South Carolina lawmakers voted Wednesday to formally rebuke Gov. Mark Sanford for secret trips to see his Argentine mistress and misuse of state planes.
One of the visits was in 2008 during a taxpayer-funded trip to South America that was supposed to be an economic development mission. The other was in June, when Sanford disappeared from the state and left no one in charge.
The House Judiciary Committee unanimously approved a rebuke that says the governor brought "ridicule, dishonor, disgrace and shame" to the state. Members agreed with a smaller panel's decision a week earlier that Sanford's missteps did not warrant impeachment.
The larger committee voted down an effort to remove him 18-6, despite pleas from some members to let the full House vote on impeachment.
"A vote for censure is not an endorsement for the governor's conduct," said state Rep. James Smith, D-Columbia, who argued an impeachment trial would be a distraction when the state has more important things to worry about. "It's quite the contrary."
The rebuke still requires majority votes in the House and Senate. Those likely won't happen till next year.

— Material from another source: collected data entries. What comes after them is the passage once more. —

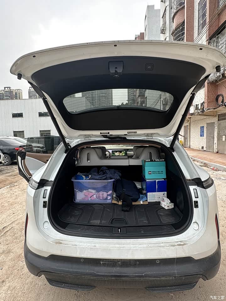 阿维塔的空间总体上算是比较中规中矩,车比较大,但是它的空间并没有配得上它这么大的车身空间的话,相对来说是在中型SUV中是有稍微稍微一点局促的,但是,我在用车方面,就是我跟我女朋友平时出去玩,还有我日常通勤,基本上后备箱放两个人的东西,放两个行李箱,然后再加上些平时的杂物,或者其他一些吃,总体够用。
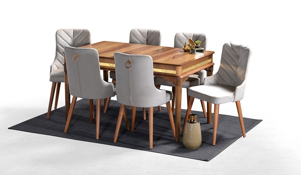 Cool Elkamet Ceviz Masa Takımı, modern tasarımı, estetik ceviz cilalı görünümü ve fonksiyonel kullanım özellikleri ile yemek alanlarınıza zarif bir dokunuş katar.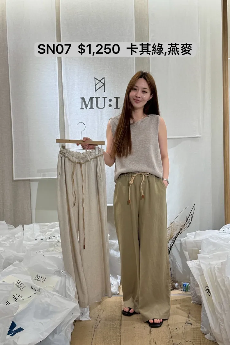 SN07 亞麻腰帶寬褲(人造絲70 亞麻30)
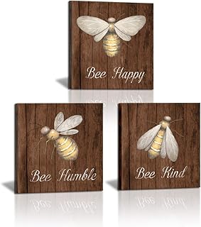 3ピース レトロ 蜂 寝室 キャンバス ウォールアート ポスター 動物画 Be Kind Be Happy Be Humble 写真 昆虫 ポジティブ 引用ポスター 子供部屋 バスルーム ホームデコレーション 12インチ x 12インチ x 3ピース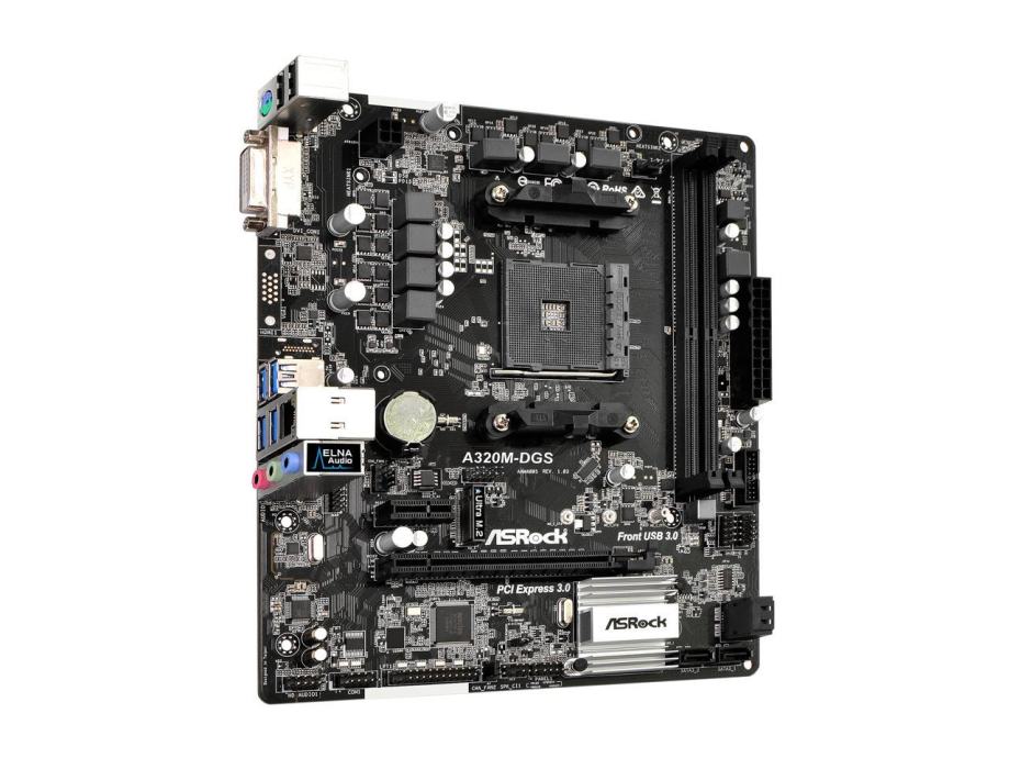 A320M-DGS, AM4, AMD A320, DDR4, Broj utora 2, 2133,2400,2666,2933,3200 MHz, 1 PCIe 3.0 x16 , 1 PCIe 2.0 x1, SATA3 4, RAID 0,1,5, 8-kanalni audio, 1x 10/100/1000 Ethernet, USB 3.0 4, USB 2.0 2, mATX, M.2 1

Sanford has been under scrutiny since June, when he returned from a secret trip to Argentina and tearfully revealed his affair with a woman named Maria Belen Chapur. His staff had told reporters he was hiking the Appalachian Trail.
Probes of his travel and campaign spending led to more than three dozen ethics charges and the potential for $74,000 in fines. Lawmakers considered a handful of those charges in reaching their censure decision, saying the governor violated the public's trust in part by using state planes for personal and political trips.
Sanford's second, final term ends in January 2011. His wife, Jenny, filed for divorce last week, citing adultery.
Mark Sanford is the first South Carolina governor to face censure. Only eight U.S. governors have been removed by impeachment, and the only two removed in the last 80 years each faced criminal charges.
Some lawmakers still said Wednesday Sanford should lose his job, contending he abused his power in taking the trips and was derelict in his duty by leaving the state. State Rep. Greg Delleney, the most vocal proponent of impeachment, said Sanford "through his own deceitful behavior has lost all moral authority."
"It is about abuse of power by Mark Sanford," said Delleney, R-Chester.
Lawmakers also focused on a state-funded trip in 2008 during which the governor's longtime friendship with Chapur turned physical. After he revealed the relationship this summer, Sanford reimbursed the state for part of the prior year's trip. He has maintained that he traveled to Buenos Aires for economic development meetings following a dove hunting excursion elsewhere and says the meeting with Chapur was an afterthought.
Critics contend Sanford steered the Commerce Department to get him to Buenos Aires to see Chapur and questioned how seriously any state business was taken while he was there.